La Tunisie, où jaillit la première étincelle de la “Révolution pour la liberté et la dignité”, un 17 décembre 2010, accueille, bientôt, le 30e Sommet de la Ligue des Etats arabes (31 mars 2019). Dans cet intervalle de temps, l’organisation panarabe a été confrontée au défi de ce que certains appellent “le Printemps arabe”.
Cet épisode est resté un enfer pour des millions de réfugiés syriens, libyens et yéménites.
La Tunisie, elle, a réussi à mettre sur les rails un processus démocratique soumis, cependant, à rude épreuve par de grosses difficultés socioéconomiques.
Réactivité
Jusque-là critiquée pour sa “léthargie”, la Ligue des Etats arabes a surpris le monde par la célérité de sa réaction, lors des soulèvements populaires en Libye et en Syrie.

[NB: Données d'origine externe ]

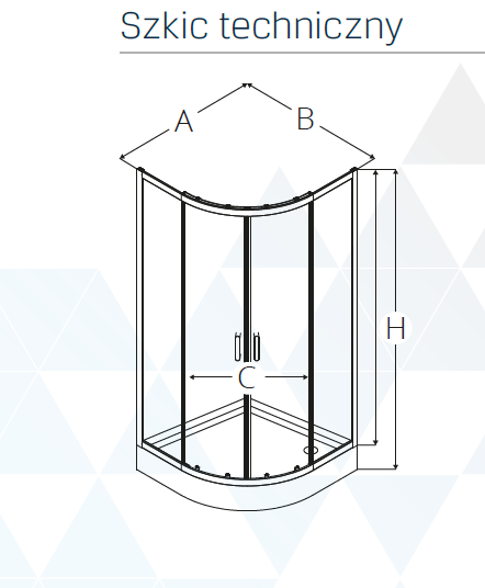 Kabina półokrągła z brodzikiem 90x90 cm- wymiary:
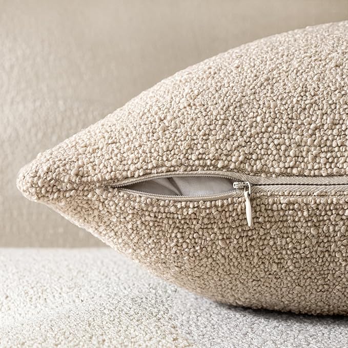 Woaboy Pack of 2 12x20 Inch Decorative Boucle Throw Pillow Covers Textured Lumbar Pillowcaes Accent Solid Cozy Soft Cushion Covers Home Decor for Sofa Couch Living Room Home Decor,Neutral
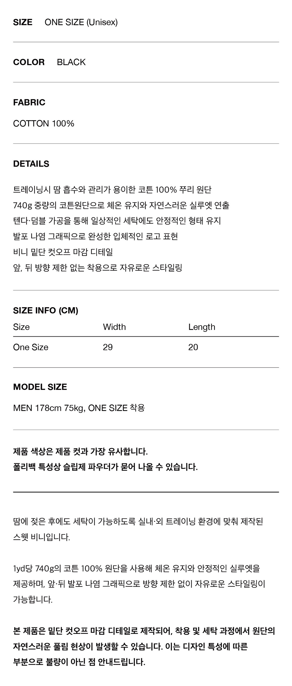 포즈넘버에잇 퍼프 프린트 스웻 비니 (블랙)
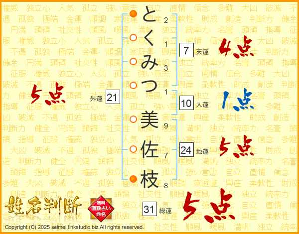 と(2画)く(1画)み(3画)つ(1画) 美(9画)佐(7画)枝(8画)
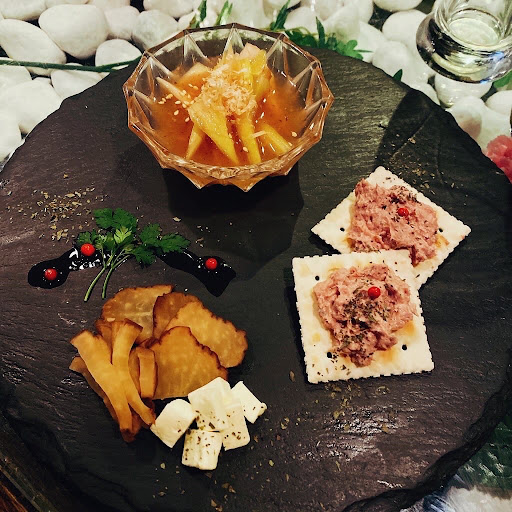 Read more隠れ家…というほどは敷居が高くなく、チェーン店のような雑然とした感じもなく居心地のよいお店です。店内はさほど広くなくインテリアも落ち着いています。 スタッフの方々は鍛えられていると云うよりはお店にあったスタイルを理解して動いているように見えます。 グラスワインを注文したらボトルを見せてくれて「こちらのワインです」と。ソムリエ? 料理の提供も遅くなく、盛り付けもオシャレ感が出ています。もちろん味も間違いありません!少々お値段が近隣よりは高めかな…。そ...

Des concepts “démocratie”, “gouvernance”, “droits de l’homme”, “participation de la femme”, “promotion de la jeunesse” firent, alors, leur apparition dans les documents de la Ligue.
Dès le 12 mars 2011, au Caire, l’organisation panarabe appelle le Conseil de sécurité de l’ONU à adopter une résolution pour l’installation d’une zone d’exclusion aérienne en Libye, en soutien au “peuple libyen dans sa lutte pour la liberté et contre un régime de plus en plus dédaigneux”, selon les termes de son secrétaire général d’alors, Amr Moussa. C’était la première fois que la Ligue arabe intervenait contre l’un de ses Etats membres. La résolution du Conseil de sécurité de l’ONU fut adoptée le 17 mars 2011.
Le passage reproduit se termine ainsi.